■ INFORMATION PROVIDED:

[Start of section]

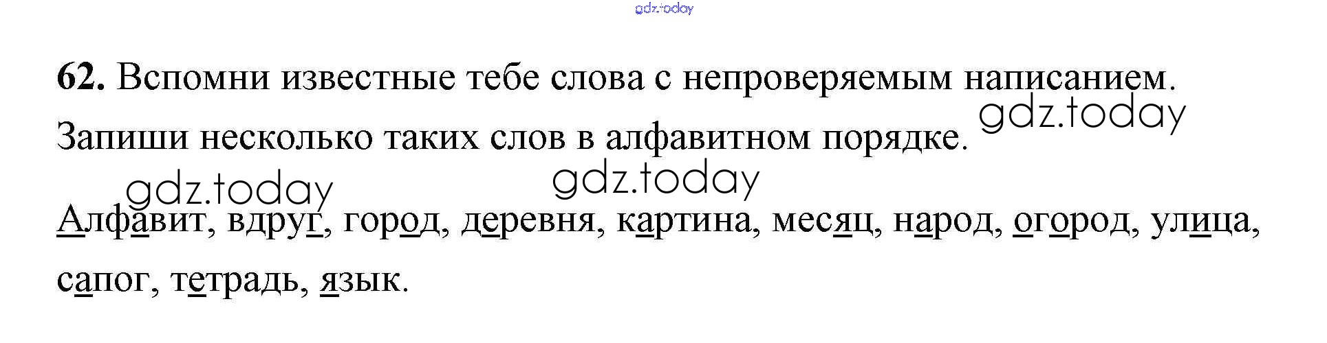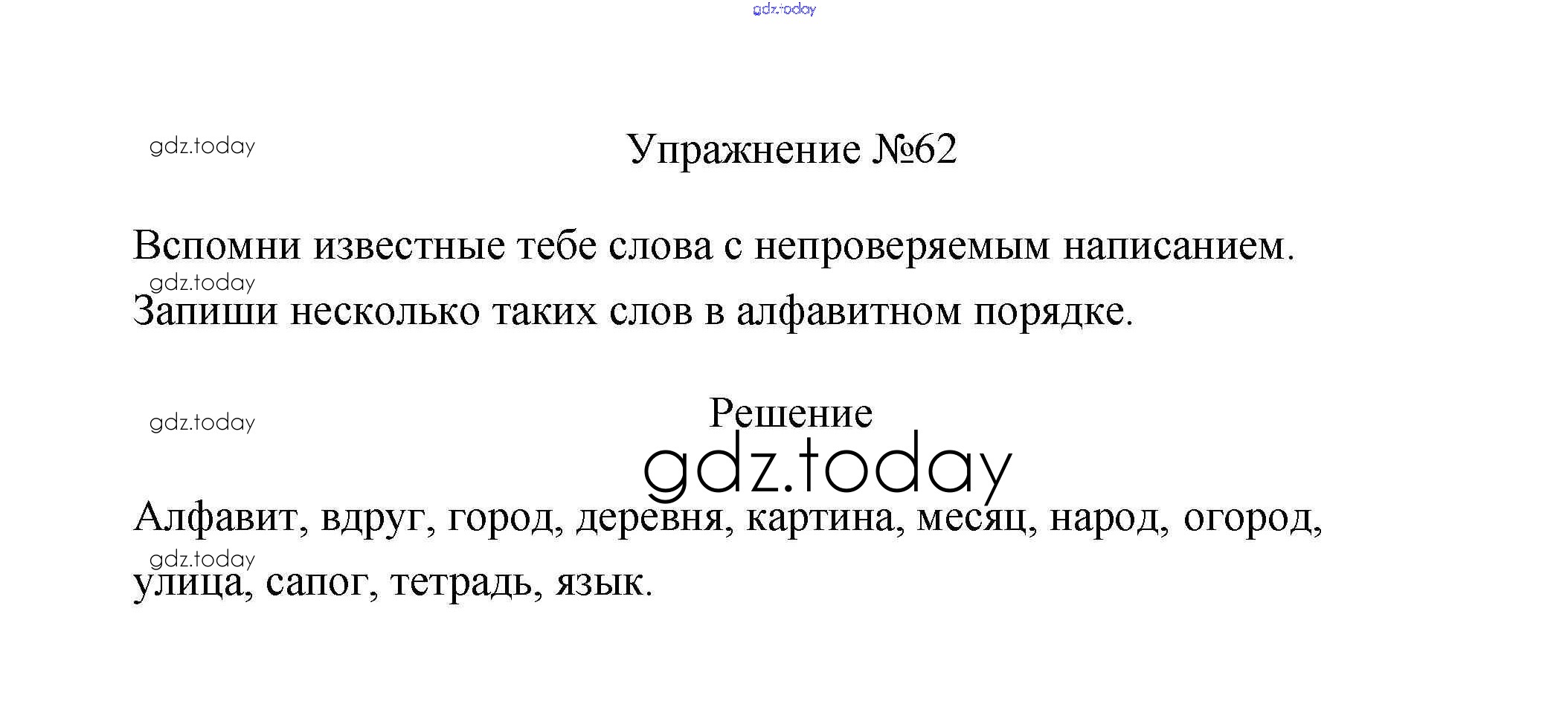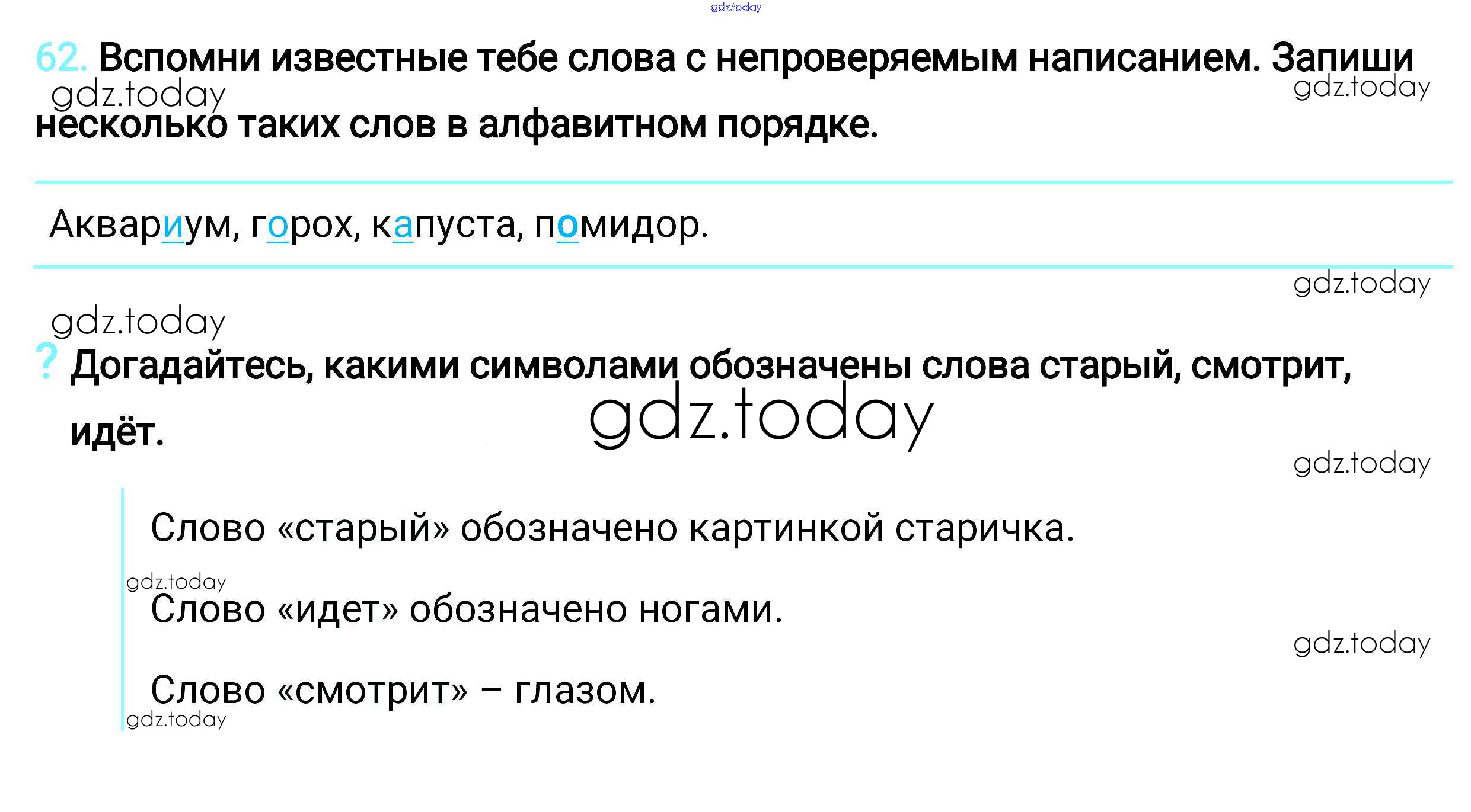 На страницах сайта gdz.today вы найдете учебный и вспомогательный материал, направленный на улучшения знаний школьной программы. ГДЗ - онлайн мир знаний Упражнения Решение. Часть 1 62 Учебнику по Русскому языку для 2 класса Климанова, Бабушкина Просвещение, Просвещение Перспектива 2015, 2020
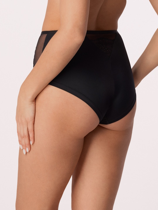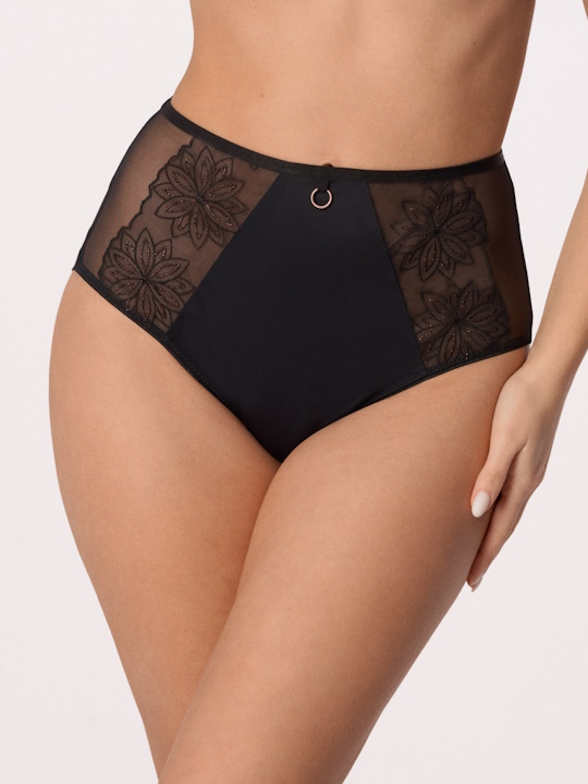 Состав: полиамид 80%, эластан 15%, хлопок 5% Трусики слип Roxane с завышенной линией талии выполнены из микрофибры, спереди по бокам вставки из сетки с цветочной вышивкой медным люрексом, на спинке V-образная вставка из сетки с вышивкой. Ластовица проложена 100% хлопком. Трусики идеально комплектуются с бюстгальтерами Roxane. Параметры модели бюстгальтер 85E, трусы XL, 70F/M. Комментарии к товару
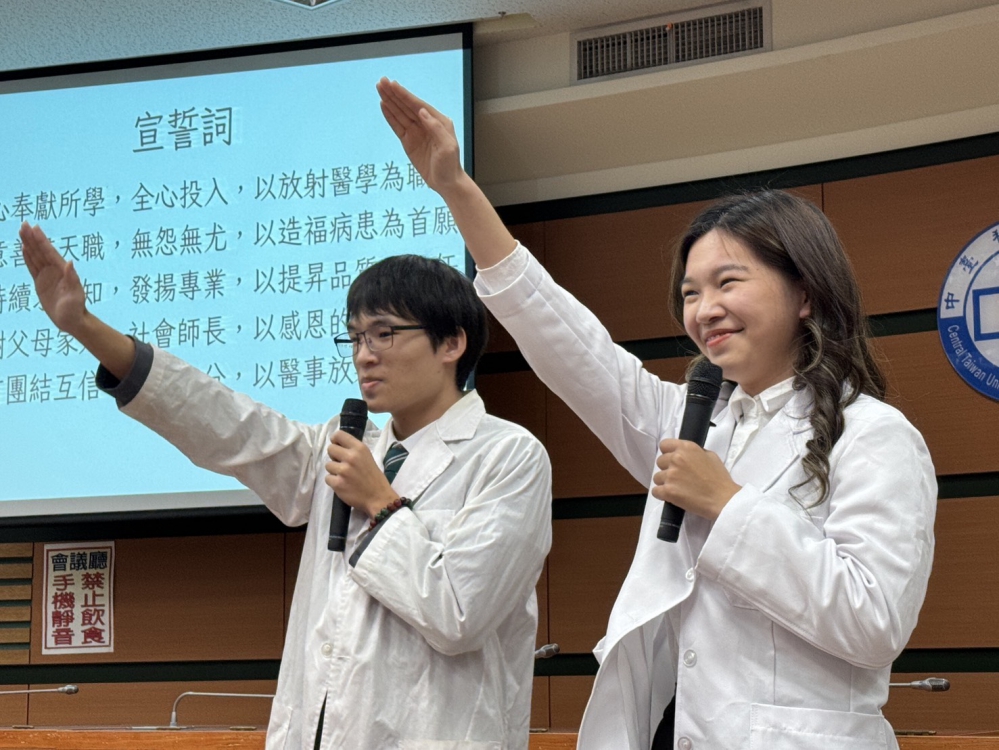 陳錦杏校長在典禮中勉勵即將進入臨床實習的學生,期許大家不僅要堅守以技術專業為本,更要以人文關懷為矩,發揮醫療專業的社會價值,成為具有同理心、敦品勵學的中臺人。醫放系彭炳儒副主任則欣慰地指出,目前臺灣各大醫療院所中,每2位放射師就有一位來自中臺科大醫放系,充分展現醫放系的卓越培育成果,而醫放系畢業生臨床就業率更是達到100%,體現出市場對中臺醫放人才的高度肯定。

[End of section]

■ EXERCISE PROMPT:
A verbatim copy of the listing is required, with all pictures left out.

■ COMPLETED TASK:
 На страницах сайта gdz.today вы найдете учебный и вспомогательный материал, направленный на улучшения знаний школьной программы. ГДЗ - онлайн мир знаний Упражнения Решение. Часть 1 62 Учебнику по Русскому языку для 2 класса Климанова, Бабушкина Просвещение, Просвещение Перспектива 2015, 2020
 Состав: полиамид 80%, эластан 15%, хлопок 5% Трусики слип Roxane с завышенной линией талии выполнены из микрофибры, спереди по бокам вставки из сетки с цветочной вышивкой медным люрексом, на спинке V-образная вставка из сетки с вышивкой. Ластовица проложена 100% хлопком. Трусики идеально комплектуются с бюстгальтерами Roxane. Параметры модели бюстгальтер 85E, трусы XL, 70F/M. Комментарии к товару
 陳錦杏校長在典禮中勉勵即將進入臨床實習的學生,期許大家不僅要堅守以技術專業為本,更要以人文關懷為矩,發揮醫療專業的社會價值,成為具有同理心、敦品勵學的中臺人。醫放系彭炳儒副主任則欣慰地指出,目前臺灣各大醫療院所中,每2位放射師就有一位來自中臺科大醫放系,充分展現醫放系的卓越培育成果,而醫放系畢業生臨床就業率更是達到100%,體現出市場對中臺醫放人才的高度肯定。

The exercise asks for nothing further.